Computed in 0.0007231235504150391 seconds

det(A) = -11.774961095126896


&nbsp;

---

&nbsp;

Another popular decomposition is the QR decomposition. In computing determinants, QR decomposition is particularly interesting, because in $A = QR$ the matrix $Q$ is orthogonal hence $\det(Q) = \pm 1$.

In numpy, QR decomposition can be done with `numpy.linalg.qr`.

In fact, if one invests some time to explore the abyss of Numpy source codes, one can conclude that the orthogonal matrix $Q$ from
```
Q, R = np.linalg.qr(A)
```
is a product of $n-1$ orthogonal matrices $Q = Q_{n-1} \dots Q_2 Q_1$ where $\det(Q_j) = -1$ (unless we encounter a zero vector during the computations).

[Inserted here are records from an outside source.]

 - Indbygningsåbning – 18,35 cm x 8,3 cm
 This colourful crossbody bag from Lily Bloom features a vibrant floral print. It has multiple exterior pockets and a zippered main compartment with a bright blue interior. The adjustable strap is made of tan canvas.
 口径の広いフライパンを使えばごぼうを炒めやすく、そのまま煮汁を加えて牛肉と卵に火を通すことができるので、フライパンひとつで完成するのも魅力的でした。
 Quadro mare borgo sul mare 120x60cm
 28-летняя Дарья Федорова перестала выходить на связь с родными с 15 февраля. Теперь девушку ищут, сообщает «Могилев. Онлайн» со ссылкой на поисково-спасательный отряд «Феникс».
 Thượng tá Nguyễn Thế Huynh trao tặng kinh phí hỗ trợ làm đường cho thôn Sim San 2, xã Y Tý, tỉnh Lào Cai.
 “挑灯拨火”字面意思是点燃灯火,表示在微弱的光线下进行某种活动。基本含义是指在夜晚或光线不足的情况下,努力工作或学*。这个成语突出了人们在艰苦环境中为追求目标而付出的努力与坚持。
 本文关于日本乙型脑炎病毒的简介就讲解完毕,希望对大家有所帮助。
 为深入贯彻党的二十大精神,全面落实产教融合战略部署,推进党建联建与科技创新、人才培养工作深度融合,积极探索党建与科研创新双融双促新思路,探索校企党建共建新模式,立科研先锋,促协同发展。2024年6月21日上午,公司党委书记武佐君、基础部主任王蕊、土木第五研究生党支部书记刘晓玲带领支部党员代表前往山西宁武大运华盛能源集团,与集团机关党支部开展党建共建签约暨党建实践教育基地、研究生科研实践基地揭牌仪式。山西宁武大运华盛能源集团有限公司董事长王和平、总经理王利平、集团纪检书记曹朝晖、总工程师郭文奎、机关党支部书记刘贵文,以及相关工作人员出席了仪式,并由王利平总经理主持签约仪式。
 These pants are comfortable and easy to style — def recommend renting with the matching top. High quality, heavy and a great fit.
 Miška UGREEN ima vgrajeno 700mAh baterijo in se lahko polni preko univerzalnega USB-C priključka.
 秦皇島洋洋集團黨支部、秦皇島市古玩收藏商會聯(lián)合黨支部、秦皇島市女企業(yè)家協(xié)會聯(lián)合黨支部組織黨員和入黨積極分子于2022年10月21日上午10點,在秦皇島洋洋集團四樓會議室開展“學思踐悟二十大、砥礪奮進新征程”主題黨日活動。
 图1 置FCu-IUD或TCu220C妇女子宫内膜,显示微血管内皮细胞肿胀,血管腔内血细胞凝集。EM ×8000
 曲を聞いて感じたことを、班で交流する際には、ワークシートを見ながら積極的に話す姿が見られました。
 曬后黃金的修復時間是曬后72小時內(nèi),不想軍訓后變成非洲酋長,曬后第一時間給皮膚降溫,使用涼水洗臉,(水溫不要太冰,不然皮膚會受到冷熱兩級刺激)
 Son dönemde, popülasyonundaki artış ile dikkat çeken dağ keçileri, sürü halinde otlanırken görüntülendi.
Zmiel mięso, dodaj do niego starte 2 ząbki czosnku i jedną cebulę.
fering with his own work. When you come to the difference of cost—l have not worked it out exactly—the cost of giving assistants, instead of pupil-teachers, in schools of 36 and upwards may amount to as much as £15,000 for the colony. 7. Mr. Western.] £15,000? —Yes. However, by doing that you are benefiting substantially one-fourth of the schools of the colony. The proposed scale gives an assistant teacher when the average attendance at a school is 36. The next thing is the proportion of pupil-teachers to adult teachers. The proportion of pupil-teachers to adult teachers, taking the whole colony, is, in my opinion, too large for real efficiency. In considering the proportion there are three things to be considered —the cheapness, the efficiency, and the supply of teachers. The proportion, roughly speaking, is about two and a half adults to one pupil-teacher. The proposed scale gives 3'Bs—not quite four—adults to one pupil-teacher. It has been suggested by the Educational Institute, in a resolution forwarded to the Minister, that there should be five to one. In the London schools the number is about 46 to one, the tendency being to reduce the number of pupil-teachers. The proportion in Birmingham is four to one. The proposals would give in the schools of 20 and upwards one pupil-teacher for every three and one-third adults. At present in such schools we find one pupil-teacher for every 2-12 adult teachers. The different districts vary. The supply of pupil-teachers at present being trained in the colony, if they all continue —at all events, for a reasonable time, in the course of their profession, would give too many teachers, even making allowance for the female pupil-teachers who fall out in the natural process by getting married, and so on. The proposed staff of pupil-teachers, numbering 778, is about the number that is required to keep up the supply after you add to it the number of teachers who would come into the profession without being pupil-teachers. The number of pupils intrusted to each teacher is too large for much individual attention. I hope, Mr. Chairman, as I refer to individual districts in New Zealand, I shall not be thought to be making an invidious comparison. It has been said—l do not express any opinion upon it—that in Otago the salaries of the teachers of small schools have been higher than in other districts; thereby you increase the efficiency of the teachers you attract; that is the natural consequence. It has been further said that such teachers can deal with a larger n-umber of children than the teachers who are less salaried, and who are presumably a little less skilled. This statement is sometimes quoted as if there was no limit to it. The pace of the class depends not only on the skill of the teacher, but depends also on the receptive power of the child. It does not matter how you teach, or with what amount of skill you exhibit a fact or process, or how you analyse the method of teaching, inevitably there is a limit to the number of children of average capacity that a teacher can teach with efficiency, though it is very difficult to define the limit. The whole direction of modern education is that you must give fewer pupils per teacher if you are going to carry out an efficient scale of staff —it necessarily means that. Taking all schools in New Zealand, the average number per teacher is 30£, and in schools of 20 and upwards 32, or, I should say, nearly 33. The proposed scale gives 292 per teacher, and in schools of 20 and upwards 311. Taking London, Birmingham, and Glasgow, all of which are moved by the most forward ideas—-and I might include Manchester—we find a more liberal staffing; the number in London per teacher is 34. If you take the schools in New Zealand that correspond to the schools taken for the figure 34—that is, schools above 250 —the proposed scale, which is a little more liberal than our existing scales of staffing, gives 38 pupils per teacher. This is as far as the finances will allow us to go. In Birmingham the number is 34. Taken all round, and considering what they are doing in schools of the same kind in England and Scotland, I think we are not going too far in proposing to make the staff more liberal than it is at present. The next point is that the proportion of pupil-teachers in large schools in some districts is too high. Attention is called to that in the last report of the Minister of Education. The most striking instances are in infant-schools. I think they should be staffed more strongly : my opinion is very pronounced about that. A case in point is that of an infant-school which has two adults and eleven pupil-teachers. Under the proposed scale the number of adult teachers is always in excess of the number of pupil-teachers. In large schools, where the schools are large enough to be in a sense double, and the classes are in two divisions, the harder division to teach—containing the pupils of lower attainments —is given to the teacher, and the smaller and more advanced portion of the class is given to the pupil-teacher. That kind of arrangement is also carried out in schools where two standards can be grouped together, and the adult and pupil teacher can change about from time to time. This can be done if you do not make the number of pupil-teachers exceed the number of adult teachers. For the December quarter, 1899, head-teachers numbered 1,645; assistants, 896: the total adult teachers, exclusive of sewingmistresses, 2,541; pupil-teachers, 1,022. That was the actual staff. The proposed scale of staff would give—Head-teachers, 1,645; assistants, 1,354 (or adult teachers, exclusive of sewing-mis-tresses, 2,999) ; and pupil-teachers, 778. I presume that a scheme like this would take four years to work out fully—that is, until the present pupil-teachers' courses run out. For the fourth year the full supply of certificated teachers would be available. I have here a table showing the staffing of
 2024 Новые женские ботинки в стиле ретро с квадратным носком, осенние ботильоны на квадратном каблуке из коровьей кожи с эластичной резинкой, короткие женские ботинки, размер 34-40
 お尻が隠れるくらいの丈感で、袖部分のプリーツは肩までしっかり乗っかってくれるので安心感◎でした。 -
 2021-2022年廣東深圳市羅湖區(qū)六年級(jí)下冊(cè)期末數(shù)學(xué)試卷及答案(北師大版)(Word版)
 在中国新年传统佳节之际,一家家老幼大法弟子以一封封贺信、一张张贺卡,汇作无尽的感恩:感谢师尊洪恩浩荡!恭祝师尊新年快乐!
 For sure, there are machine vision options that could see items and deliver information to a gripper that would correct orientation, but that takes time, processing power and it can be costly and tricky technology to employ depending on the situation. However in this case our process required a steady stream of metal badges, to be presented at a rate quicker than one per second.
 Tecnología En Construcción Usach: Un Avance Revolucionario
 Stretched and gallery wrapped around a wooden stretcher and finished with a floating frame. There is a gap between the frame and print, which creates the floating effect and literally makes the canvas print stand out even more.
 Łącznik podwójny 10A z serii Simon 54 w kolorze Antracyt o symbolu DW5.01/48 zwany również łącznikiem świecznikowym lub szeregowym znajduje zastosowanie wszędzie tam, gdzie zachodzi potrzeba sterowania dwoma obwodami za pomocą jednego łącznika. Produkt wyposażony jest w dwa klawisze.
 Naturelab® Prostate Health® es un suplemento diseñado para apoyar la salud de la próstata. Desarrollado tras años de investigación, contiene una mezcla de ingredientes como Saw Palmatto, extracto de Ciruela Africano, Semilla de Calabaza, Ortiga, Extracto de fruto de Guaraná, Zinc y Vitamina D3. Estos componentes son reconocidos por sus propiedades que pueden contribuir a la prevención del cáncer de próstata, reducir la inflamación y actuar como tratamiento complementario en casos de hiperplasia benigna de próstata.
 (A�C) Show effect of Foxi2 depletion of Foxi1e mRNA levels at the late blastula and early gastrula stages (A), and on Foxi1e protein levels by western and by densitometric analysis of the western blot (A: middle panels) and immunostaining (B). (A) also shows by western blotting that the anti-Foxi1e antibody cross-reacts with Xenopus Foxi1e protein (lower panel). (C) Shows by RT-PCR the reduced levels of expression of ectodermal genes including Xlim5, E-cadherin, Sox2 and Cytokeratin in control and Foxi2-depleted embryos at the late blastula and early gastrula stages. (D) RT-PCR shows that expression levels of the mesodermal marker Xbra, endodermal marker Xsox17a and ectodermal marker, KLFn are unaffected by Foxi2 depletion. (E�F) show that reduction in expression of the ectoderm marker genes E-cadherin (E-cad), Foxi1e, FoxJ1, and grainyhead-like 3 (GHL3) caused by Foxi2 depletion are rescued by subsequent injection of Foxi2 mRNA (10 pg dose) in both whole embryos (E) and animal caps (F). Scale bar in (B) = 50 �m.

So, unless we are extremely unlucky, we can compute the determinant of $A$ as $(-1)^{n-1} r_{11} r_{22} \dots r_{nn}$.

In [7]:
def qr_det(A):
    Q, R = np.linalg.qr(A)
    det = 1
    if n % 2 == 0:
        det = -det

    for i in range(n):
        det = det * R[i, i]

    return det


start = time.time()
det_qr = qr_det(A)
elapsed = time.time() - start

print("Computed in", elapsed, "seconds")
print()
print("det(A) =", det_qr)


Computed in 0.0009446144104003906 seconds

det(A) = -11.774961095126896


In [8]:
# sanity check on det(Q)
Q, _ = np.linalg.qr(A)
print(np.linalg.det(Q))

0.9999999999999998


&nbsp;

---

&nbsp;

Of course, in real world applications, we would just use the builtin function `numpy.linalg.det`. Going with builtin functions is usually a good choice, as their performance are optimized with numerous tricks, and they come with safeguards that prevent common possible errors.

In [9]:
start = time.time()
det_np = np.linalg.det(A)
elapsed = time.time() - start

print("Computed in", elapsed, "seconds")
print()
print("det(A) =", det_np)

Computed in 0.0002582073211669922 seconds

det(A) = -11.774961095126878


&nbsp;

But how does NumPy actually compute determinants?

&nbsp;

The answer can be found in the [NumPy official document](https://numpy.org/doc/stable/reference/generated/numpy.linalg.det.html)...


> ...
>
> The determinant is computed via **LU factorization** using the LAPACK routine `z/dgetrf`.
>
> ...


So NumPy uses LU decomposition in computing determinants, while NumPy ironically does not provide an LU decomposition functionality.